Когда все 35 отделений были сформированы, с особо нужными и продвинутыми профессионально, желающими вносить свой вклад с общественное мнение страны заключали трудовые соглашения. По ним человек считался внештатным сотрудником ВЦИОМа и оплату получал согласно производственной нагрузке. Так, к примеру, возникла во ВЦИОМе Наталья Сидоренко из Кемерово, женщина крепкой и солидной (во всех отношениях) натуры, невероятно активная: ее энергии хватало сразу на десять дел, и все их она успевала сделать хорошо и в срок.
Вот так и развивалась сеть, потом, когда СССР не стало, многие отделения ВЦИОМ стали самостоятельными Центрами и начали проводить исследования сами и сотрудничать со вновь появившимися тогда исследовательскими компаниями, но это, как говорит в своей передаче Томин, «уже совсем другая история».
— Зажила история, очень интересно. Пожалуйста, назови основные функции, которые осуществлял твой отдел, и назови имена тех, кто работал вместе с тобой.
Если можно, начну наоборот. После Капелюша в отделе было две группы — группа выборки и группа организации, а сам отдел назывался отдел проектирования
выборки и организации и проведения исследований. В группе выборки были, как я выше сказал, программист Сергей Новиков, Екатерина Козеренко и сначала зав. группой я, а после моего ухода им стал Виктор Ларкин, которого я и привел. Ларкин (которого тоже уже с нами нет) окончил философский вместе со мной, и тоже кафедру социологии, так что был полным профи, как и я. Он был очень высоким, за два метра, выше меня даже, при моих 1,92. При таком росте Виктор был как-то особо удлинен, весь как-то нарочито вытянут и растянут, худ и очень нелеп. При всем том, это был самый умный, добрый и порядочный человек из всех, кого я знал. Как-то раз Рутгайзер спросил у Виктора, сколько в нем роста, и тот так смущенно пробубнил «два и три метра», что Валерию Максовичу послышалось «два-три метра». С тех пор он так его и называл — метра два-три. С приходом Виктора во ВЦИОМ вышла история.

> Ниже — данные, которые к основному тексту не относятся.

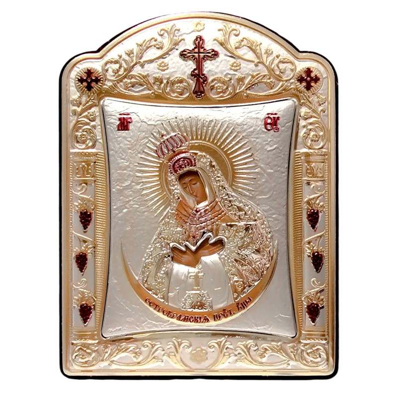 Opis produktu: Wprowadź do swojego domu atmosferę duchowej harmonii i piękna dzięki temu wyjątkowemu srebrnemu obrazkowi z wizerunkiem Matki Bożej Ostrobramskiej. To ikoniczne przedstawienie, o wymiarach około 15,5x11,5 cm, wyróżnia się pięknym zdobieniem i misternym wykonaniem w szlachetnym srebrze.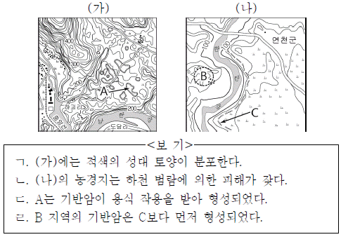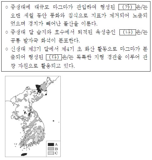 (가)~(다)에 해당하는 암석이 분포하는 지역을 지도의 A∼C에서 고른 것은? (순서대로 가, 나, 다)

Елена Петренко его знала, но решила дать ему испытание следующего рода. Тогда трансляции заседаний Верховного Совета шли по телеку в прямом эфире целыми днями без остановки. Петренко придумала посадить Ларкина перед экраном дома, чтобы он фиксировал, кто выступает с трибуны и о чем говорит. Сидеть надо было весь день, это был экзамен на усидчивость (в самом прямом смысле слова). Через три недели совершенно осатаневший Виктор с горечью говорил мне, что ему эти проклятые депутаты уже в страшных снах снятся, что он возненавидел демократию и что если его после этого кошмара не возьмут во ВЦИОМ, то он навсегда потеряет веру в человечество.
Во ВЦИОМ его взяли, и пораженная результатами Елена Петренко даже написала какую-то ученую статью по Витиному материалу.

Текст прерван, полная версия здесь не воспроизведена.